Excluding pictures, what does the listing below contain from the line with "Bei unserem Clubabend" up to and including the line with "CEL Silver Buckle", word for word?

* Available records:
***
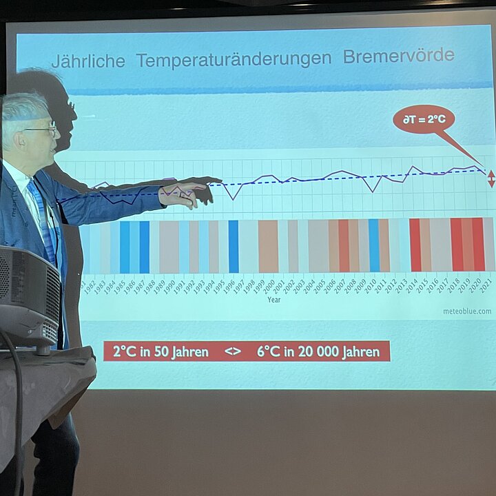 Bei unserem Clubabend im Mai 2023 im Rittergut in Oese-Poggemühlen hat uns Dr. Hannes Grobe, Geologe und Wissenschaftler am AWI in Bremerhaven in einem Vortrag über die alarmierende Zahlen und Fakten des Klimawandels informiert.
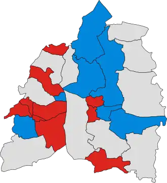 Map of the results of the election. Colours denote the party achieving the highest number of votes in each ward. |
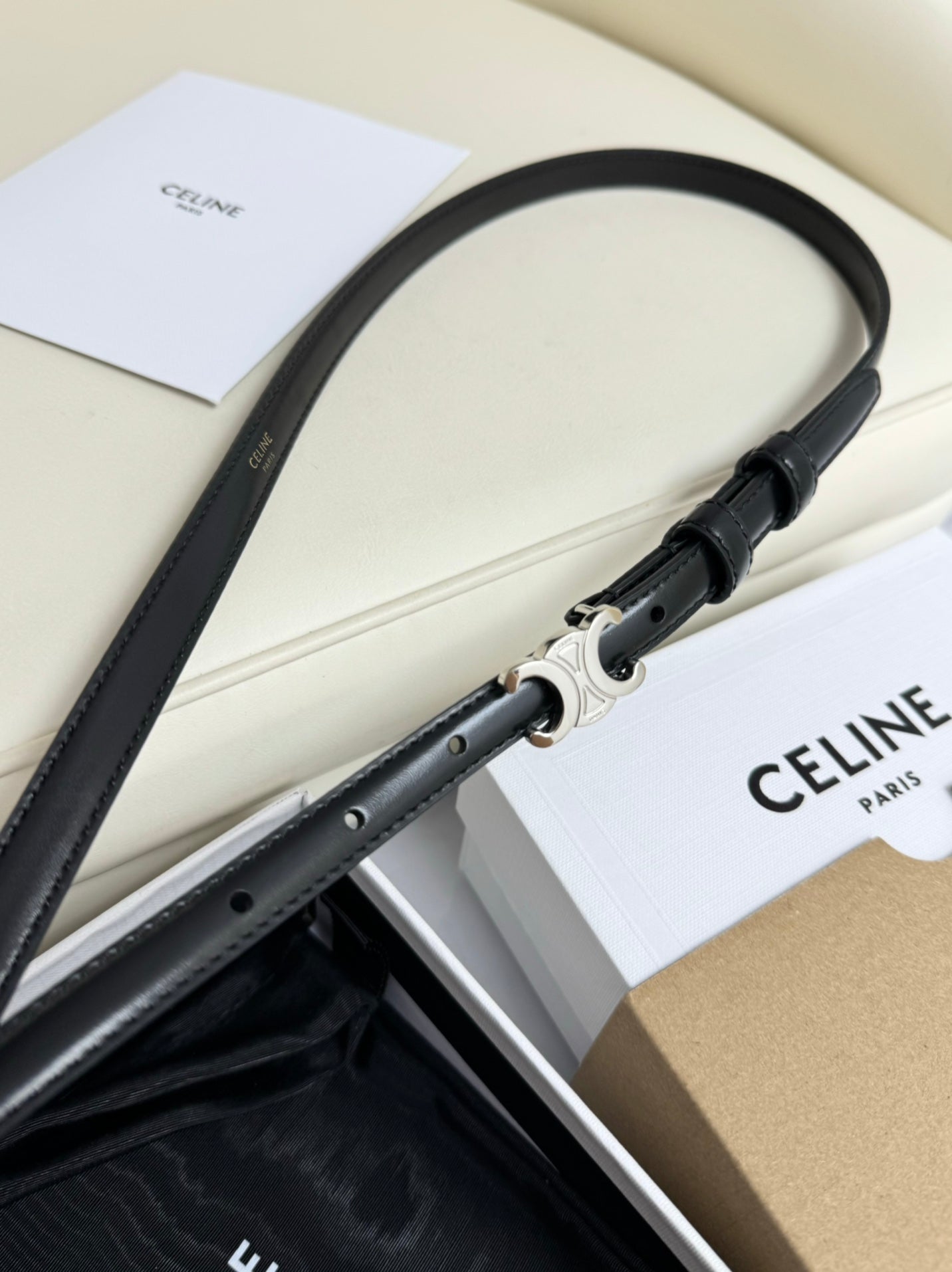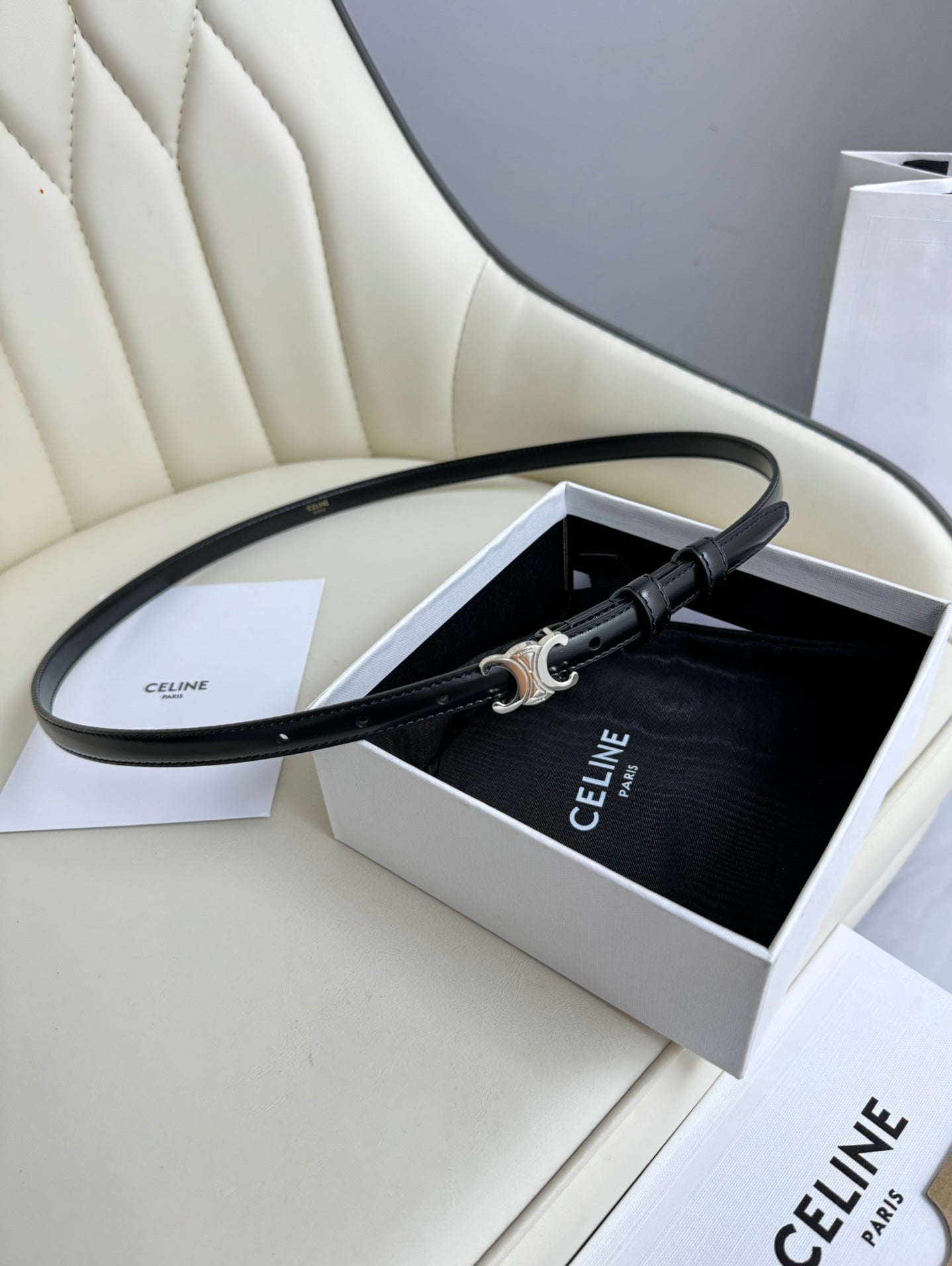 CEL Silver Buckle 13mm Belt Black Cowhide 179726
***
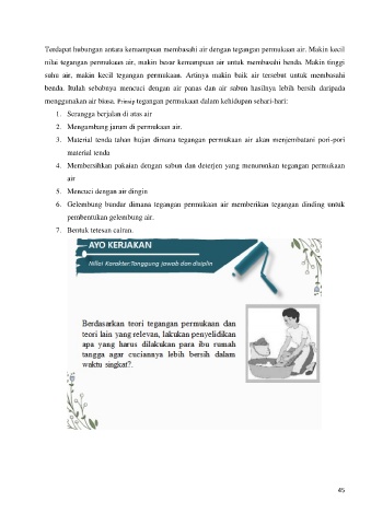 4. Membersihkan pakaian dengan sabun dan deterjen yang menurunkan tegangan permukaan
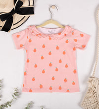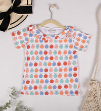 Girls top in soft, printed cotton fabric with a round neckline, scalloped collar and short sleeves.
***
* Result of the task:
 Bei unserem Clubabend im Mai 2023 im Rittergut in Oese-Poggemühlen hat uns Dr. Hannes Grobe, Geologe und Wissenschaftler am AWI in Bremerhaven in einem Vortrag über die alarmierende Zahlen und Fakten des Klimawandels informiert.
 Map of the results of the election. Colours denote the party achieving the highest number of votes in each ward. |
 CEL Silver Buckle 13mm Belt Black Cowhide 179726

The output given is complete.